* Task to carry out:
Write the listing out again exactly as it stands, with no images.

* Material provided:
[Start of section]

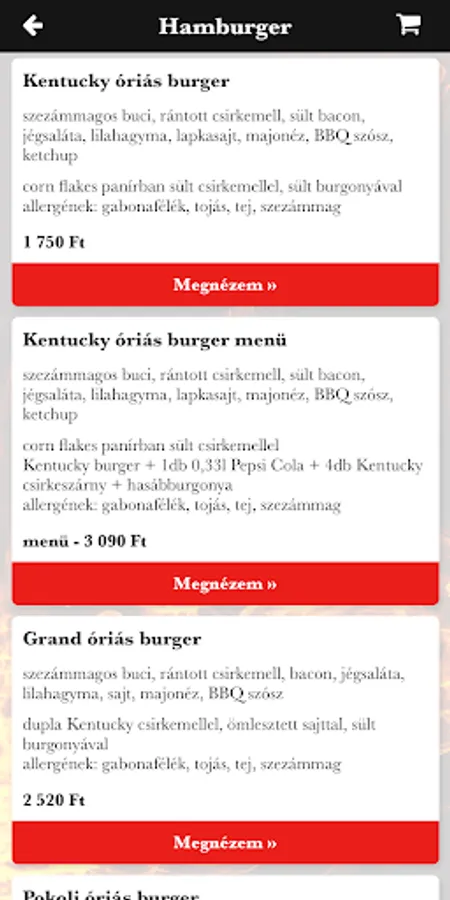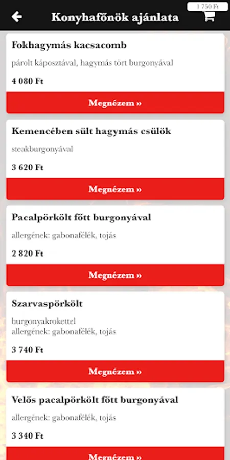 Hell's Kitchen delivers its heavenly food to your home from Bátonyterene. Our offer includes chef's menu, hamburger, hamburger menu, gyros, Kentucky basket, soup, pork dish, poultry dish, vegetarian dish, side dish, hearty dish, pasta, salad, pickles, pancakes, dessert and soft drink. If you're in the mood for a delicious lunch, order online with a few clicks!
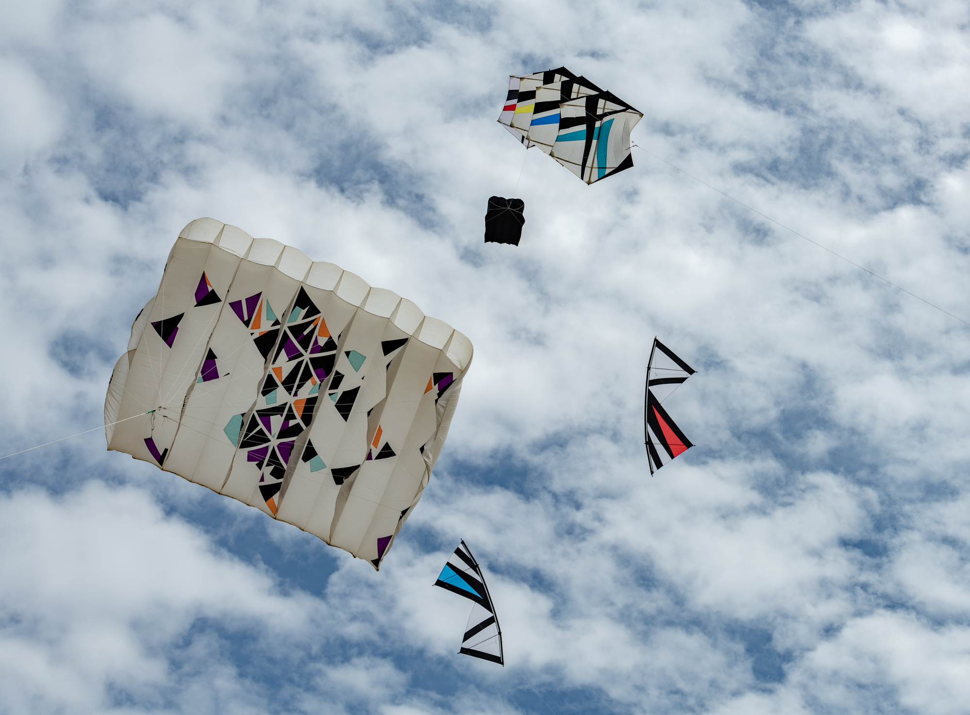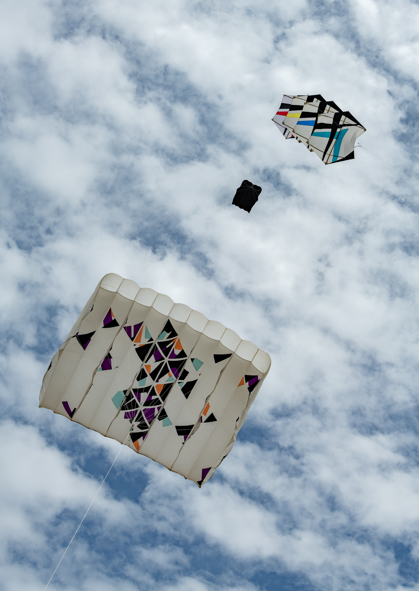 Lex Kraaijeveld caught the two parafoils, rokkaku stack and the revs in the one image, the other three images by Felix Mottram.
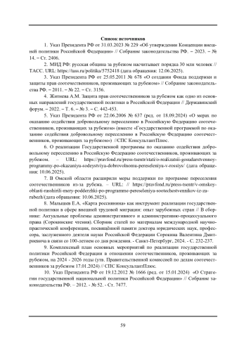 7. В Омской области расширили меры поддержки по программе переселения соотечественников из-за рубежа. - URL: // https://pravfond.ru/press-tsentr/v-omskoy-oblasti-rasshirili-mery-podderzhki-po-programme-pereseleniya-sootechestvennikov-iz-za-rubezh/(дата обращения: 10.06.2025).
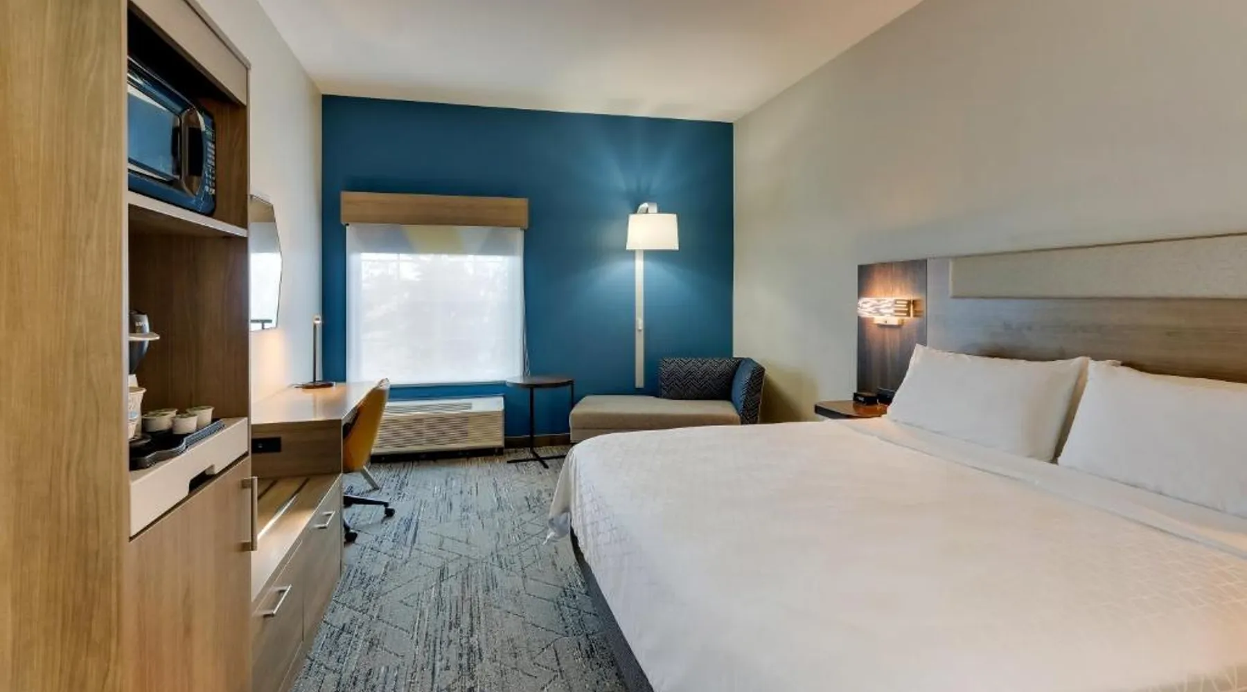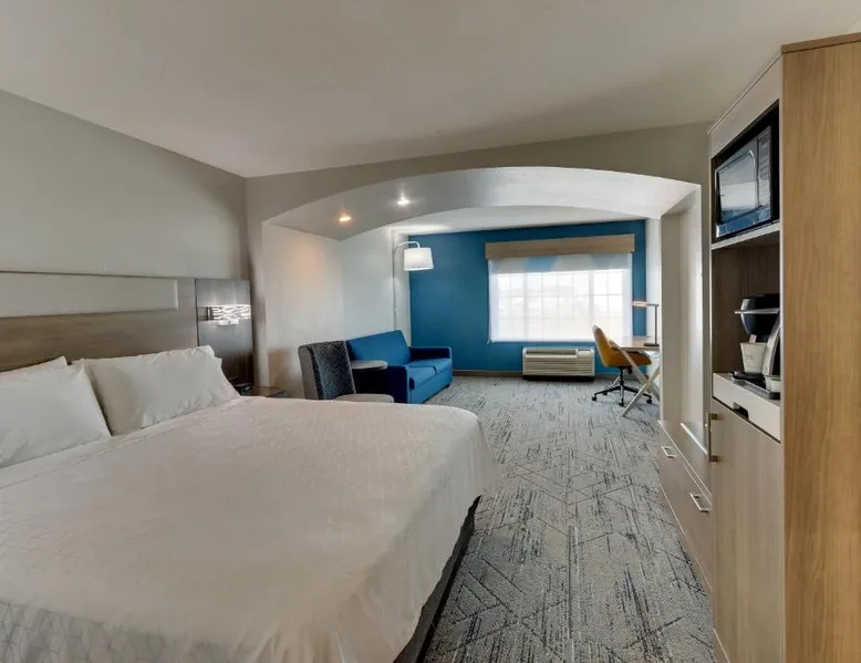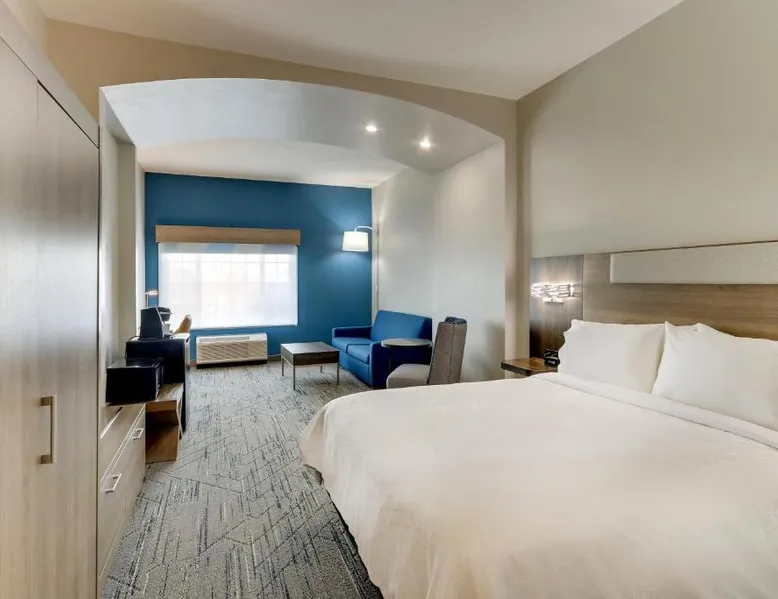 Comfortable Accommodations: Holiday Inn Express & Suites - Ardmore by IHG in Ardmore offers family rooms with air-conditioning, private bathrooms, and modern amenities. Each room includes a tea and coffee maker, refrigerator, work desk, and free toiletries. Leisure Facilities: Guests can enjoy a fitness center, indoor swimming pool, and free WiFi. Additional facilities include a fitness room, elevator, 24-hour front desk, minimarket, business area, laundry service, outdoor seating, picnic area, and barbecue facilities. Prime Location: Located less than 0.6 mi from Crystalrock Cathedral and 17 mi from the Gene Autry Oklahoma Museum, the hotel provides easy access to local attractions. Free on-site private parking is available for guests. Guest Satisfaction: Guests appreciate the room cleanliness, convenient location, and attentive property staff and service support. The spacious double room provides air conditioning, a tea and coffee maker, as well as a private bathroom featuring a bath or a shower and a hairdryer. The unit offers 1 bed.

[End of section]

* Task solution:
 Hell's Kitchen delivers its heavenly food to your home from Bátonyterene. Our offer includes chef's menu, hamburger, hamburger menu, gyros, Kentucky basket, soup, pork dish, poultry dish, vegetarian dish, side dish, hearty dish, pasta, salad, pickles, pancakes, dessert and soft drink. If you're in the mood for a delicious lunch, order online with a few clicks!
 Lex Kraaijeveld caught the two parafoils, rokkaku stack and the revs in the one image, the other three images by Felix Mottram.
 7. В Омской области расширили меры поддержки по программе переселения соотечественников из-за рубежа. - URL: // https://pravfond.ru/press-tsentr/v-omskoy-oblasti-rasshirili-mery-podderzhki-po-programme-pereseleniya-sootechestvennikov-iz-za-rubezh/(дата обращения: 10.06.2025).
 Comfortable Accommodations: Holiday Inn Express & Suites - Ardmore by IHG in Ardmore offers family rooms with air-conditioning, private bathrooms, and modern amenities. Each room includes a tea and coffee maker, refrigerator, work desk, and free toiletries. Leisure Facilities: Guests can enjoy a fitness center, indoor swimming pool, and free WiFi. Additional facilities include a fitness room, elevator, 24-hour front desk, minimarket, business area, laundry service, outdoor seating, picnic area, and barbecue facilities. Prime Location: Located less than 0.6 mi from Crystalrock Cathedral and 17 mi from the Gene Autry Oklahoma Museum, the hotel provides easy access to local attractions. Free on-site private parking is available for guests. Guest Satisfaction: Guests appreciate the room cleanliness, convenient location, and attentive property staff and service support. The spacious double room provides air conditioning, a tea and coffee maker, as well as a private bathroom featuring a bath or a shower and a hairdryer. The unit offers 1 bed.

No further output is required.